Dhurandhar’s achievements include multiple awards such as The Association for the Advancement of Artificial Intelligence Deployed Application Award and Best of ICDM. He co-led the development of IBM’s AI Explainability 360 open-source toolkit and has been an invited speaker at notable events like ACM CODS-COMAD 2021. Dr. Dhurandhar’s contributions have also influenced IBM products, earning him prestigious internal awards. He actively contributes to the AI community through roles in top conference committees, National Science Foundation panels, and IBM’s invention disclosure team, and is listed in Marquis Who’s Who 2024.
Chris S. Crawford, Ph.D.
DISTINGUISHED YOUNG ALUMNI AWARD
Crawford was recognized for his outstanding contributions to the field of Computer Science and his pioneering research in human-robot interaction and Brain-Computer Interfaces. He is an associate professor at the University of Alabama’s Department of Computer Science. He directs the HumanTechnology Interaction Lab. His research focuses on human-robot interaction and Brain-Computer Interfaces. He has investigated systems that provide computer applications and robots with information about a user’s cognitive state. He previously developed a brain-drone racing system that was featured on over 800 news outlets, including Discovery, USA Today, the New York Times, and Forbes. Along with investigating brain-robot interaction applications, Crawford also developed Neuroblock, a tool designed to engage K-12 students in neurofeedback application development. He has received multiple awards for his research, including the National Science Foundation CAREER award.
Dustin Karp
DISTINGUISHED ALUMNI AWARD FOR ENTREPRENEURSHIP
Karp’s vision and entrepreneurial spirit have made a significant impact in both the business and education sectors. While studying at the University of Florida, Karp founded Perch, a marketplace connecting Gator fans with local driveways and businesses for game day parking. What began with flyers and a street sign has scaled to thousands of reservations across 10 college campuses, becoming a core part of the game day experience for fans across the country.

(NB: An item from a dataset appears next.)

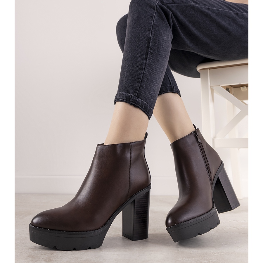 Les chaussures sont en cuir écologique mat. Les chaussures sont fermées par une fermeture éclair. La semelle épaisse augmente le confort d'utilisation au quotidien. Numérotation standard, veuillez vous référer à votre taille.

Also while at UF, Karp co-founded Edugator, a platform reinventing how computer science is taught. Built with Amanpreet Kapoor, an assistant instructional professor in the UF Department of Computer & Information Science & Engineering, Marc Diaz, and Prayuj Tuli (both students at the time), Edugator enables instructors to create hands-on, interactive courses. It’s powered by AI tools for grading, personalized tutoring, and automatic problem generation. To date, it’s helped thousands of learners and graded over 100,000+ submissions. Karp has spent time in Gainesville, Boston, San Francisco, and New York—currently building product at Polymarket in New York City.